Advantages and Disadvantages

The advantages of internal and external factors are an important tool used to define and implement a solid base pay, cash compensation, or benefits. Internal equity allows the organization to warrant an equal pay among the employees based on the pay scale or performance. The disadvantage of internal equity is the perception of the employees. An employee can perceive that he or she is doing the same job as another employee and should receive the same pay. Perception of employees may differ from the perception of the employers. The employee may feel that his or her individual performance is the same or above in comparison to the employees who are performing. It creates tension and lowers morale within the workplace. External equity advantages allow the organization to remain competitive for sought out profession or geographical area.

The disadvantages of external equities are the cost to remain in a competitive market. There seems to be no set preference in which factors is more important whether it is internal or external equity. It is still undecided on which is the most important between internal and external equity and there is no right or wrong answer (Kent Romanoffken, 1986, p. 8, Balancing external and internal equity). Finding a balance and ensuring that the internal and external equities in the organization is important. A fair and honest compensation policy that is communicated to the employees which define the value and worth of an employee is best. The external and internal compensation plan should meet the organizational goals will create the culture it seeks.

Federal Workers

Compensation is an important tool that is used by the government to attract employees who have the skill, knowledge, and experience that can meet the strategic goals of the organization. Total compensation includes salary and benefits. The government uses a pay scale focusing on levels of position, skills, and qualifications. According to U.S. Department of Health & Human Services (n.d.), “A number of different pay systems are used for Federal employment; however, the General Schedule (GS), the Federal Wage System (FWS), the Senior Executive Service (SES), or the Administratively Determined (AD) covers most employees within HHS” (Salary Information). The internal quality is achieved by providing pay structure that is constant and uniformed within the organization. Other benefits such as retirement, health benefits, leave, and life insurance are offered to all the employees. It allows an organization to offer the employees pay and benefits that meet internal equality and compete with private organizations.


KENT ROMANOFFKEN, B. B. (1986). Pay eguity: Internal and external considerations. Compensation and Benefits Review (1986-1998), 18(3), 17. Retrieved from

Martocchio, J.J. (2008). Strategic Compensation: A Human Resource Management Approach (5th ed.).
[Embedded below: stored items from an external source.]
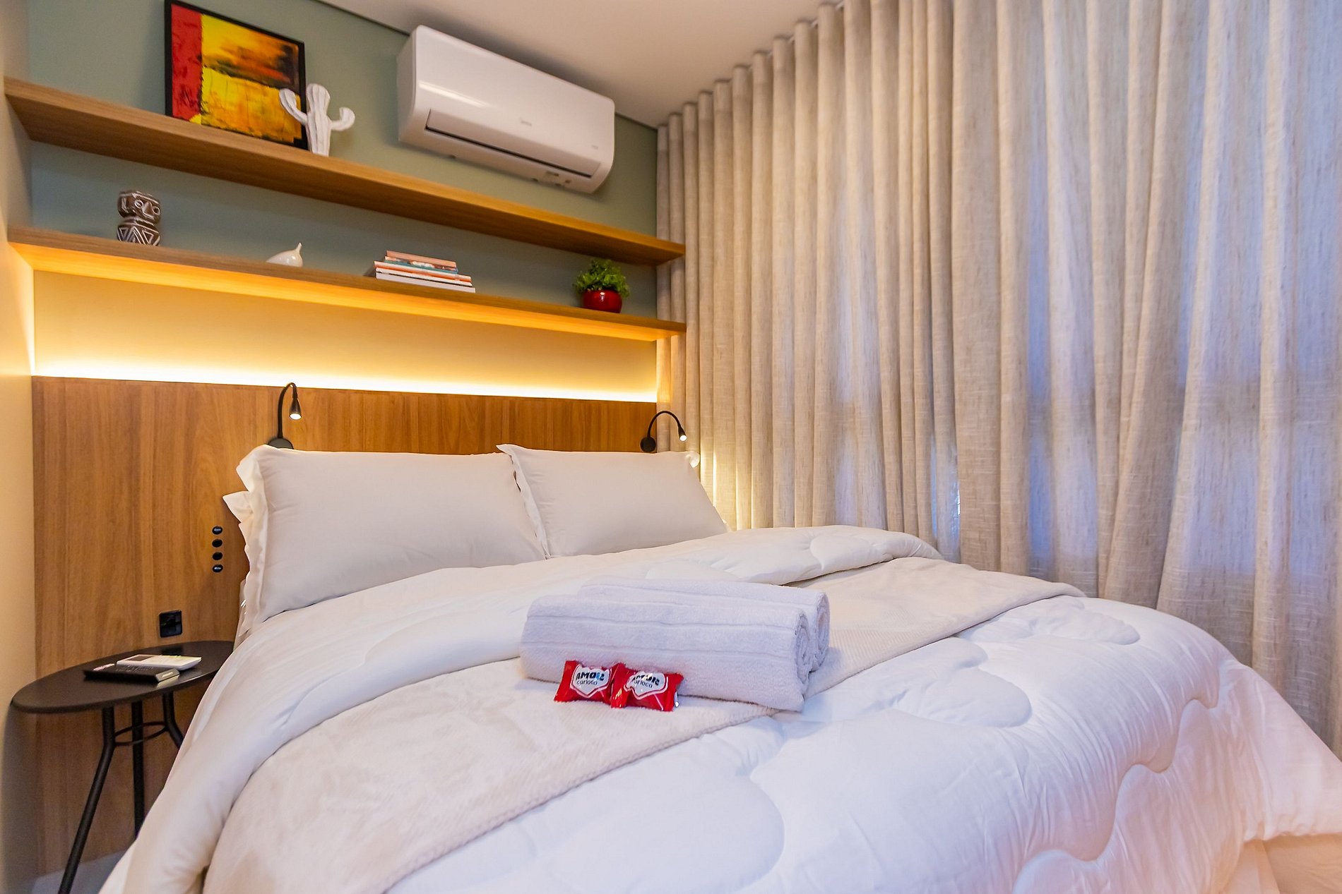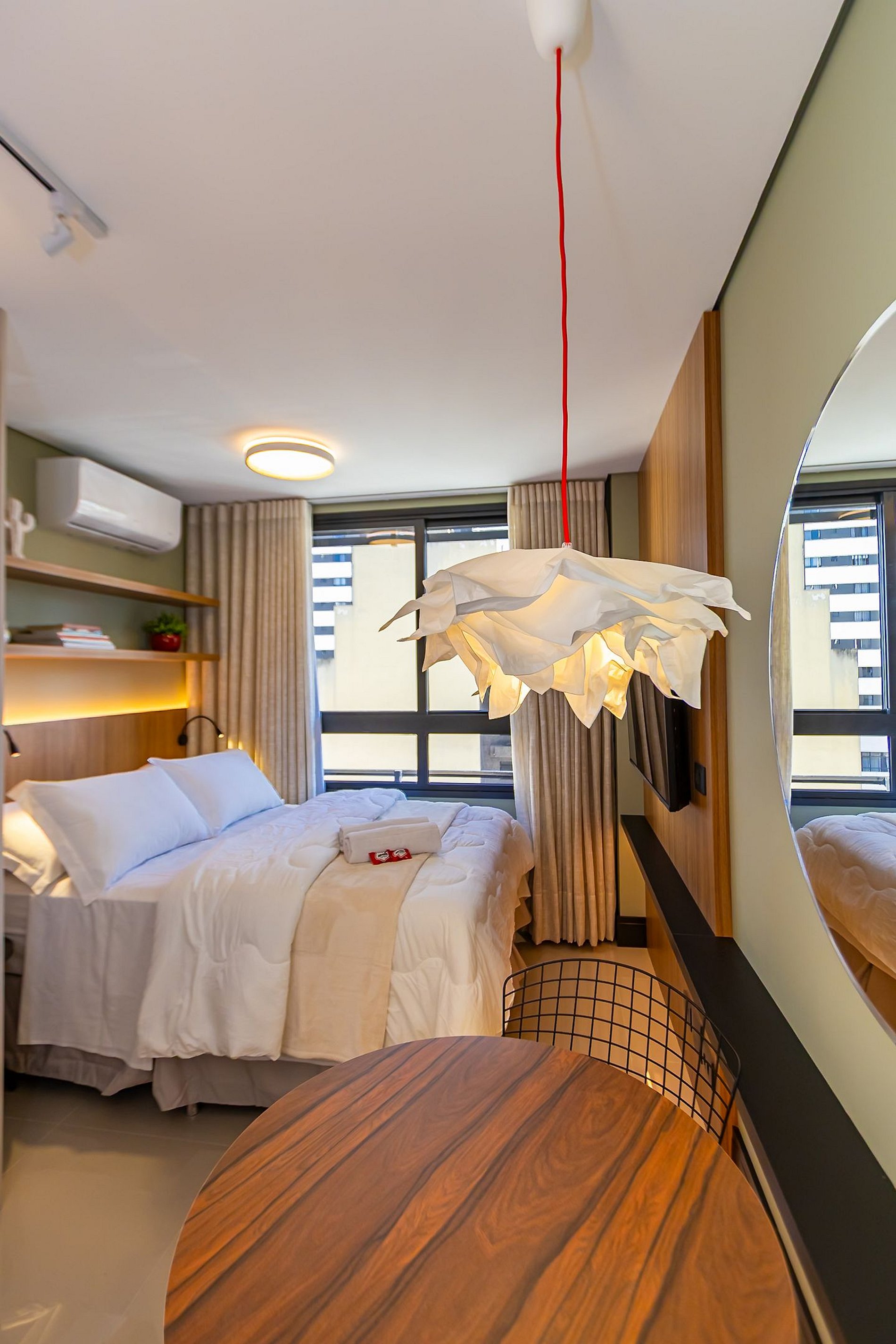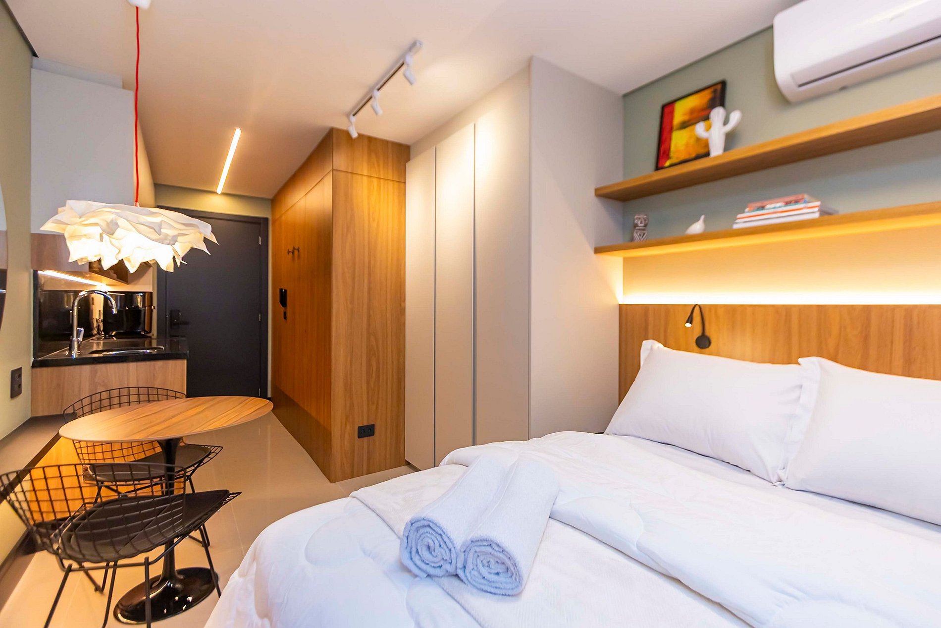 Studio ideal para até 2 pessoas, com decoração moderna, aconchegante e cuidadosamente planejada para proporcionar conforto e bem-estar. Localizado em um edifício novo, com estrutura completa e de alto padrão. Situado em uma ótima região, com fácil acesso a restaurantes, comércios, serviços e transporte. Uma excelente opção para quem busca praticidade, elegância e uma estadia agradável, com estilo e comodidade em cada detalhe.
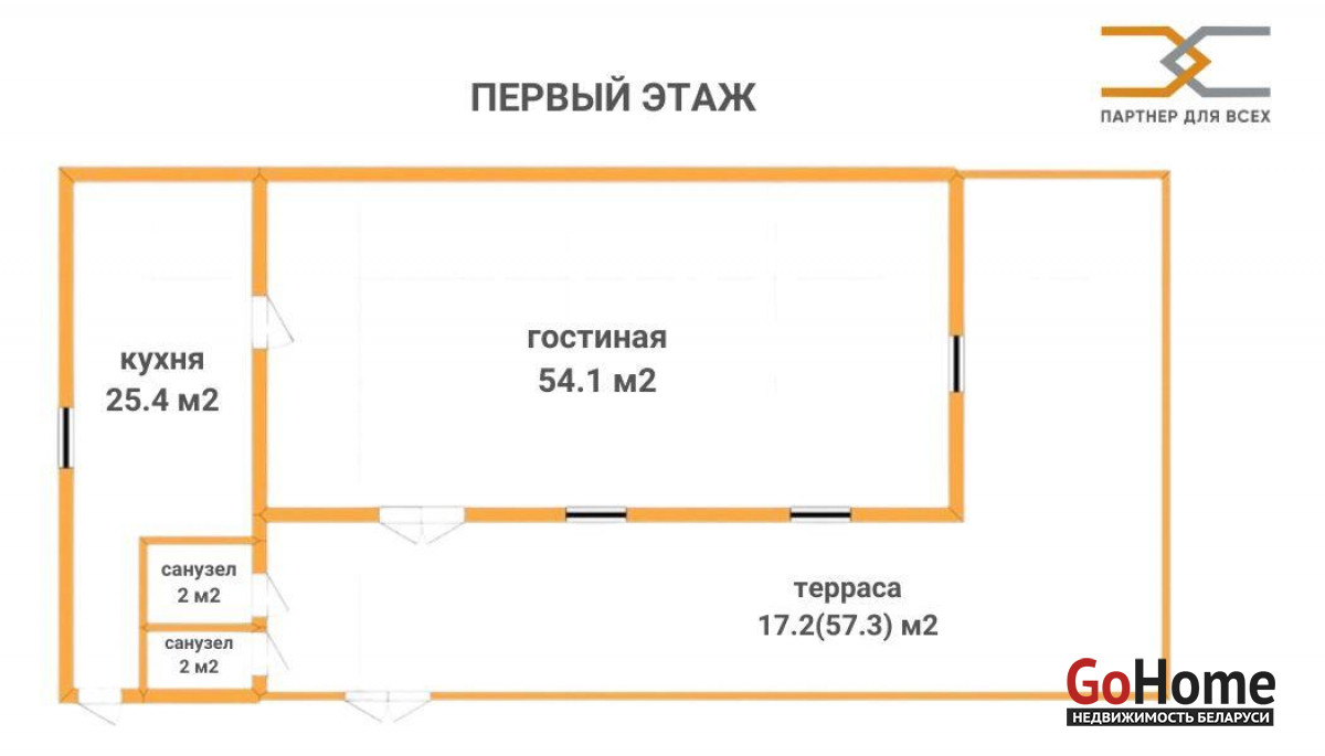 Год постройки – 2020. Этажность - 2 этажа.На первом этаже расположены: гостиная – 54,1 кв.м, кухня – 25,4 кв.м, два сан. узла, летняя терраса – 57,3 кв.м, застекленная двухкамерными стеклопакетами.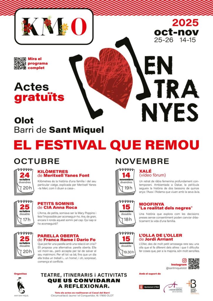 Durant dos caps de setmana d’octubre i novembre se celebra la setena edició del festival. Aquest any amb un total sis propostes km0, per reflexionar i dialogar amb consciència social. Entranyes és una de les accions del Consell de Barri de Sant Miquel – les Tries en el marc del Pla Integral d’Accions de Millora.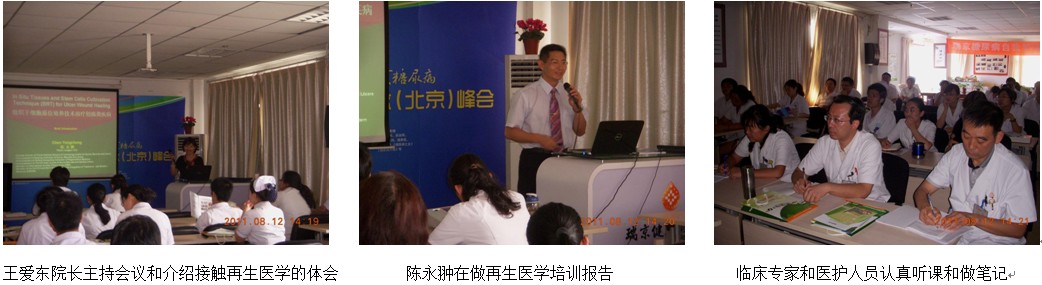 2011年8月15日下午2時30分,再生醫(yī)學(xué)專題培訓(xùn)會在醫(yī)院的四樓會議室按時召開。醫(yī)院糖尿病潰瘍科的全體醫(yī)護(hù)人員和其它科室的大部分技術(shù)骨干30余人參加這次培訓(xùn)會,培訓(xùn)會由王愛東院長主持,她向大家介紹了在一次國際糖尿病會議上認(rèn)識陳教授的經(jīng)過和聆聽了陳教授的再生醫(yī)學(xué)報告后的感受,要求各位專家和護(hù)理人員認(rèn)真聽課,利用這次難得的機(jī)會學(xué)習(xí)掌握好皮膚再生復(fù)原技術(shù)。陳教授則根據(jù)該醫(yī)院的特色,專門準(zhǔn)備了培訓(xùn)演講內(nèi)容,在將近2小時的培訓(xùn)會里,以“The New Development of In Situ Tissues and Stem Cells Cultivation Technique for Diabetic Wound Healing (組織干細(xì)胞原位培養(yǎng)技術(shù)治療糖尿病潰瘍新進(jìn)展)”為題,分以下四個部分向大家做了一次較為系統(tǒng)而又通俗易懂的培訓(xùn):1、燒傷皮膚原位再生醫(yī)學(xué)的發(fā)明創(chuàng)立與燒傷皮膚再生復(fù)原臨床實(shí)效;2、K-19型干細(xì)胞原位培養(yǎng)再生燒傷全厚皮壞死皮膚的機(jī)理; 3、皮膚原位再生技術(shù)在糖尿病潰瘍領(lǐng)域應(yīng)用新進(jìn)展;4、皮膚原位再生復(fù)原技術(shù)創(chuàng)面治療臨床規(guī)范。培訓(xùn)報告很受大家的歡迎,大家聽得非常認(rèn)真和投入,認(rèn)為這次的培訓(xùn)太及時、太重要了!大家都為學(xué)習(xí)和了解到如此先進(jìn)而又簡單易學(xué)的新技術(shù)感到無比的激動和興奮。北京中西醫(yī)結(jié)合學(xué)會燒傷專業(yè)委員會的彭韶君秘書、何蓮老師和郭軍老師到會免費(fèi)為這次培訓(xùn)會的醫(yī)護(hù)人員提供了再生醫(yī)學(xué)資料也很受歡迎。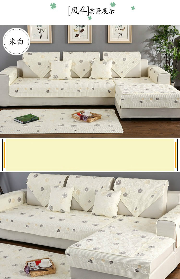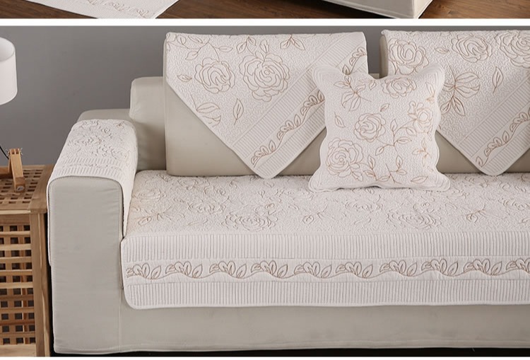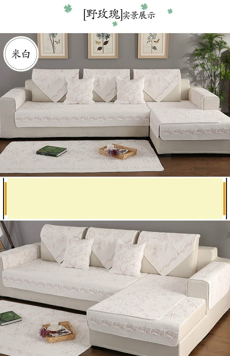 ペレスの両面刺繍ソファマット清新田園純綿滑り止めクッション全カバーソファーカバー全カバー貴妃セットソファタオルカバーZR月季米【正反対全綿】90*180 cm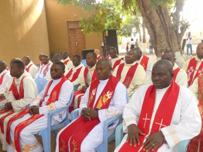 Le diocèse de Sokodé a accueilli le don d’un nouveau prêtre pour commencer l’année jubilaire 2025. En effet, le diacre Emmanuel WISSI a été ordonné prêtre le samedi 28 décembre 2024 au cours d’une célébration eucharistique à la paroisse St Joseph Artisan d’Adjengré. La cour intérieure de la mission a servi de cadre à cette célébration mémorable. Présidée par l’ordinaire du lieu, Mgr Célestin-Marie GAOUA, elle fut concélébrée par une soixantaine de prêtres dont les vicaires général et épiscopal, les TRP Michel MAMA-BETRE et Alfred PIGNAN. On notait aussi la présence d’une foule nombreuse de fidèles et d’invités venus d’horizons divers pour l’heureuse circonstance. A l’entame de cette célébration, le curé de ladite paroisse, le TRP Michel MAMA-BETRE a souhaité la cordiale la bienvenue à tous les fidèles. « Nous accueillons cet événement non seulement comme un cadeau de Noel mais surtout comme une première grâce du jubilé de l’an 2025 » a déclaré entre autres le curé d’Adjengré. Dans le même ordre d’idées, l’évêque de Sokodé a dans sa méditation rendu grâce à Dieu en ces termes : « L’Eglise famille de Dieu à Sokodé, a-t-il dit, s’honore d’accueillir le don que le Seigneur Jésus Souverain prêtre lui fait en ce jour et au début du jubilé ouvert le 24 décembre 2024 à Rome par le pape François. » S’adressant à l’élu du jour, le prélat l’a exhorté à veiller sur sa vie spirituelle. C’est après cette exhortation que l’ordination proprement dite s’est poursuivie par l’engagement du futur prêtre, la litanie des saints, l’imposition des mains, la prière consécratoire, et les rites complémentaires (vêture, onction des mains, remise de la patène et du calice, le baiser de paix). Cette partie tant attendue par le peuple de Dieu a suscité la joie pour les uns, l’admiration pour les autres et l’émerveillement pour l’élu du jour. Fécond ministère sacerdotal au Père WISSI Essogbazam Emmanuel Espérance qui n’a pas manqué d’exprimer sa gratitude à Dieu, à l’ordinaire du diocèse et son conseil, à sa familles bref au peuple de Dieu.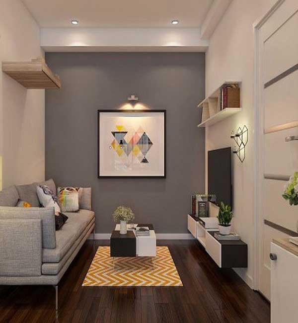 Nếu quý khách thích một phong cách trẻ trung, năng động phá cách thì có thể lựa chọn mẫu phòng khách vô cùng đáng yêu này. Với một chiếc ghế sang trọng, êm đềm có 4 chân để bạn có thể dễ dàng trong việc vệ sinh. Một chiếc bàn nhỏ xinh, ti vi gắn trên tường... Tất cả những yếu tố trên đã góp phần mang đến một không gian nhỏ nhưng đẹp. Mẫu phòng khách này khá lịch sự và hấp dẫn, tông màu trầm tính luôn lên ngôi cho các không gian thêm phần sang trọng và tạo điểm nhấn chiều sâu cho ngôi nhà.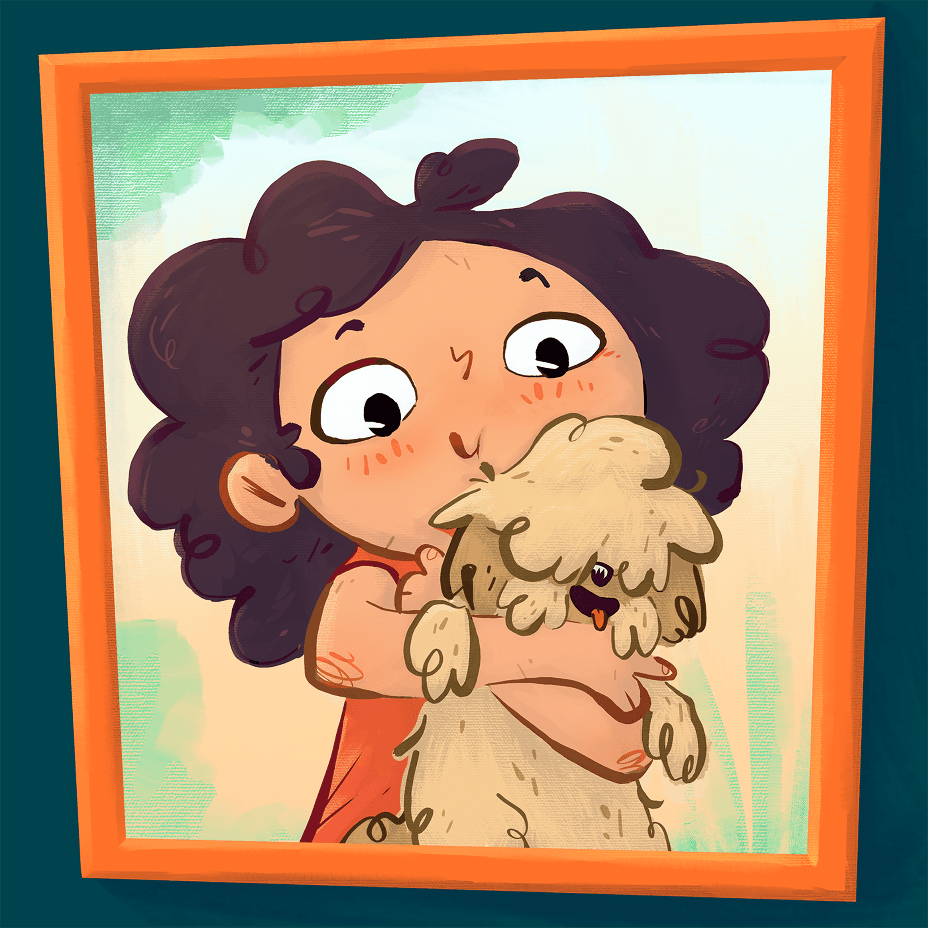 Amelia est en train de jouer dans le jardin avec Toto, une petite serpillère sur patte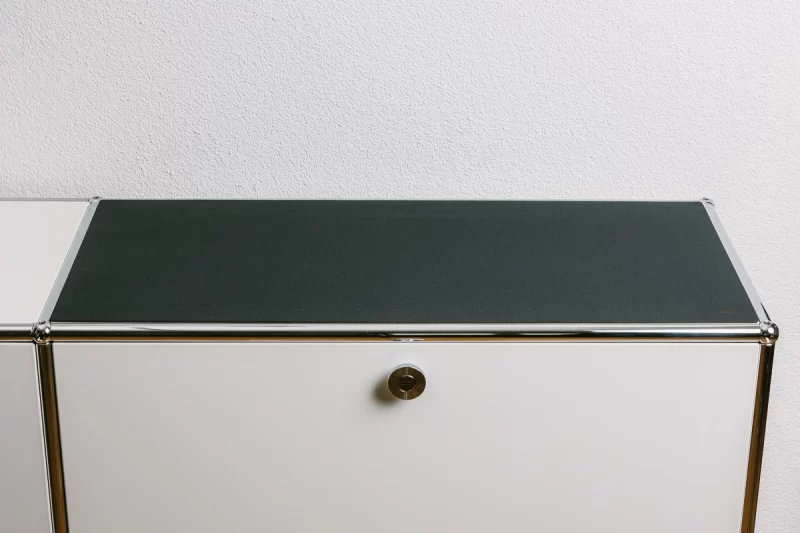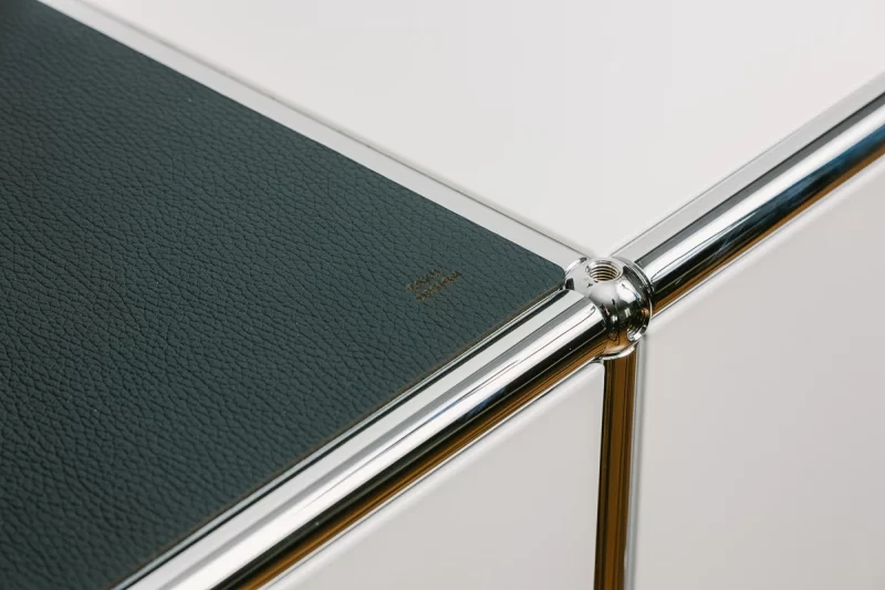 Die Ecken sind mit einem Radius versehen um den Abschluss an der USM Kugel formschlüssig zu vollenden. Die Oberflächenstruktur des eleganten Leders wurde so ausgewählt das die Form und die Haptik zu den USM Haller Systemmöbeln übereinstimmt.

U.S. Department of Health & Human Services. (n.d.). Pay and Benefits. Retrieved from

In other words

Internal and external equity is important to remain competitive with other organizations, attract the right employees, and retaining the employees in the company. There is no right or wrong focus but the best option is to have a balance when focusing on internal and external motives. A structured and clear benefits plan offered in the organization could limit confusion of the employees of worth and value.